(1 point) For the quadratic function $f(x)=2 x^{2}+2 x-1$, find the vertex, the axis of symmetry, and the $x$-intercept(s). Express the vertex as a coordinate pair. If there is more than one intercept, enter as a comma separated list of points. - vertex: $\square$ help (points) - axis of symmetry: ? $\hat{\approx} \square$ help (numbers) - $x$-intercept(s): $\square$ help (points) Note: You can earn partial credit on this problem.

Step 1 ：The vertex of a quadratic function is given by the formula \((-\frac{b}{2a}, f(-\frac{b}{2a}))\). Here, \(a = 2\) and \(b = 2\). So, the x-coordinate of the vertex is \(-\frac{b}{2a} = -\frac{2}{2*2} = -\frac{1}{2}\).

Step 2 ：Substitute \(x = -\frac{1}{2}\) into the function to find the y-coordinate of the vertex: \(f(-\frac{1}{2}) = 2(-\frac{1}{2})^2 + 2(-\frac{1}{2}) - 1 = 2*\frac{1}{4} - 1 - 1 = -\frac{1}{2}\).

Step 3 ：So, the vertex of the function is \((-\frac{1}{2}, -\frac{1}{2})\).

Step 4 ：The axis of symmetry of a quadratic function is the vertical line \(x = -\frac{b}{2a}\). So, the axis of symmetry here is \(x = -\frac{1}{2}\).

Step 5 ：The x-intercepts of the function are the solutions to the equation \(f(x) = 0\), or \(2x^2 + 2x - 1 = 0\). This can be solved using the quadratic formula \(x = \frac{-b \pm \sqrt{b^2 - 4ac}}{2a}\).

Step 6 ：Here, \(a = 2\), \(b = 2\), and \(c = -1\). So, the solutions are: \(x = \frac{-2 \pm \sqrt{2^2 - 4*2*(-1)}}{2*2} = \frac{-2 \pm \sqrt{4 + 8}}{4} = \frac{-2 \pm \sqrt{12}}{4} = \frac{-2 \pm 2\sqrt{3}}{4} = -\frac{1}{2} \pm \frac{\sqrt{3}}{2}\).

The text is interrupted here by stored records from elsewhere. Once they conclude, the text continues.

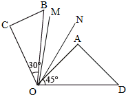 将分别含有30°和45°角的一副三角板如图放置,且30°和45°角的顶点重合在一起,OM平分∠AOC,ON平分∠DOC,画出几何图形,并求∠MON的大小.
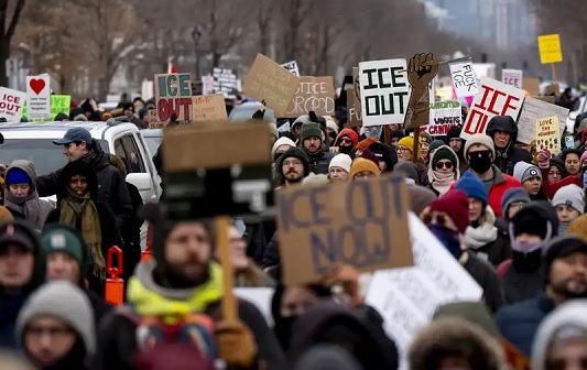Mineápolis, 11 de Enero de 2026.- Miles de manifestantes salieron este sábado a las calles en Estados Unidos para protestar contra el Servicio de Inmigración y Control de Aduanas (ICE), que causó indignación en la población luego de que uno de sus agentes abatiera a una mujer de 37 años durante una redada contra migrantes en Mineápolis.
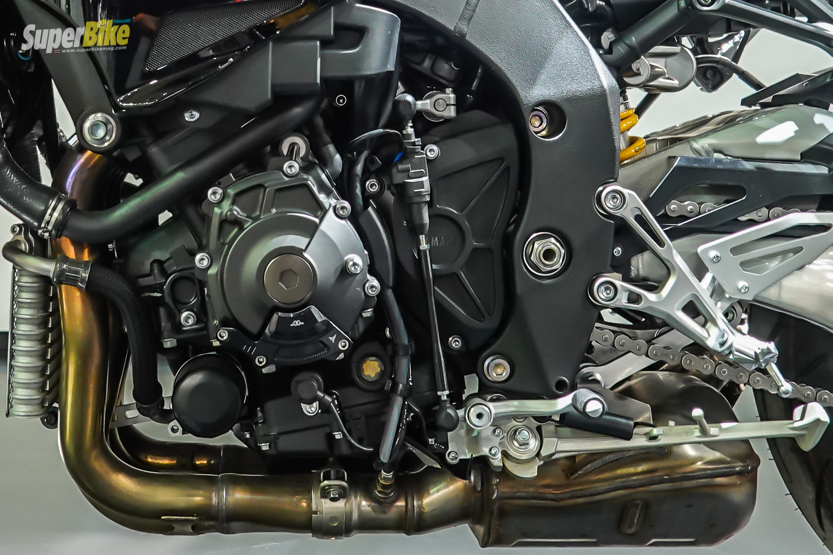 มาดูที่เครื่องยนต์ 4 สูบ Crossplane ขนาดความจุ 998 ซีซี ที่เป็นเอกลักษณ์เฉพาะของทางยามาฮ่า ให้กำลังแรงม้าที่ 158 แรงม้าที่ 11,500 รอบ/นาที แรงบิดอยู่ที่ 111 นิวตันเมตร ที่ 9,000 รอบ/นาที มาพร้อมกับเกียร์ 6 สปีด สามารถใส่เกียร์ได้เลย ไม่ต้องกำคลัทช์เพราะมี Quick shifter
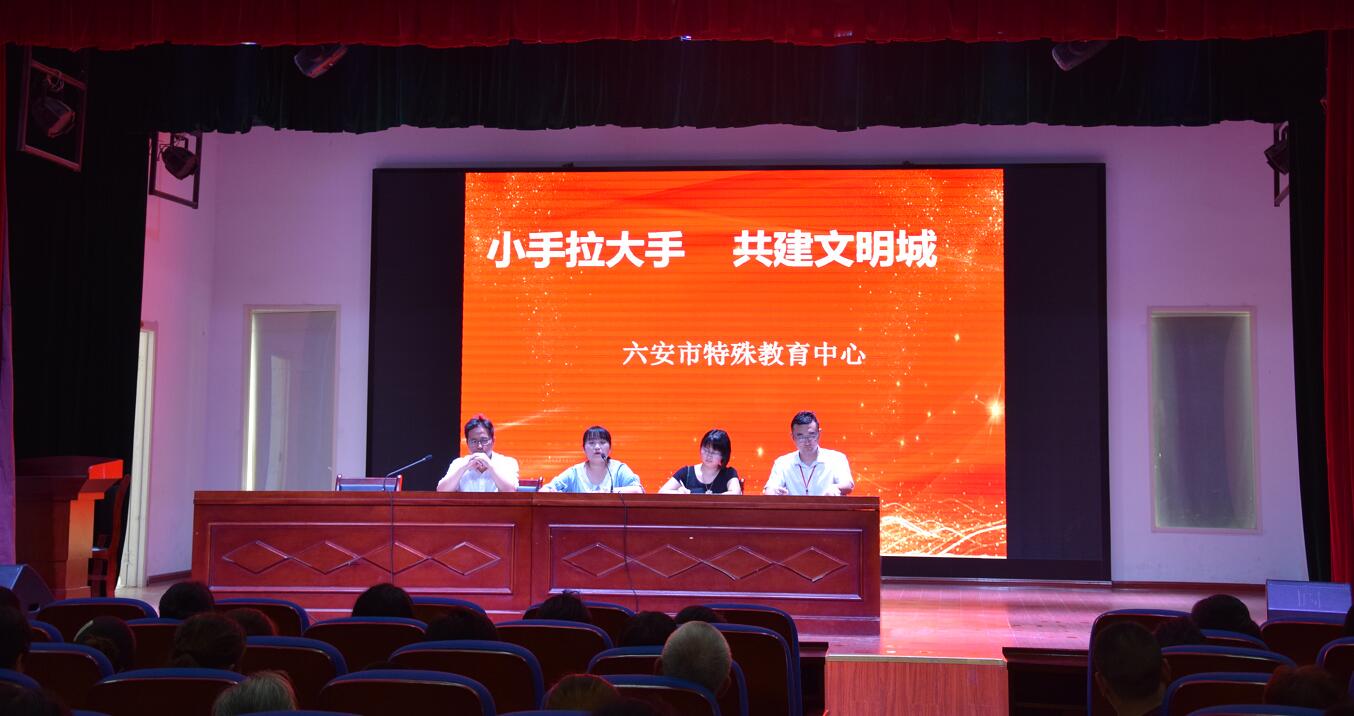 在 9月12日上午召开的家长会上六安市特殊教育中心何良燕主任从公共场所文明行、社区里文明行为 、交通文明行为、公民个人文明行为 、公民职业道德文明行为五个方面向所有的家长进行了宣讲,宣传“创城、创卫”的有关知识。希望每一家长自觉的以主人翁的姿态,做好家庭卫生的同时,积极配合学校、社区开展创城创卫活动,团结一心,为创建文明城市和卫生城市贡献力量。

Step 7 ：So, the x-intercepts of the function are \((-\frac{1}{2} - \frac{\sqrt{3}}{2}, 0)\) and \((-\frac{1}{2} + \frac{\sqrt{3}}{2}, 0)\).

Step 8 ：In conclusion: \(\boxed{\text{The vertex is } (-\frac{1}{2}, -\frac{1}{2})}\), \(\boxed{\text{The axis of symmetry is } x = -\frac{1}{2}}\), \(\boxed{\text{The x-intercepts are } (-\frac{1}{2} - \frac{\sqrt{3}}{2}, 0) \text{ and } (-\frac{1}{2} + \frac{\sqrt{3}}{2}, 0)}\).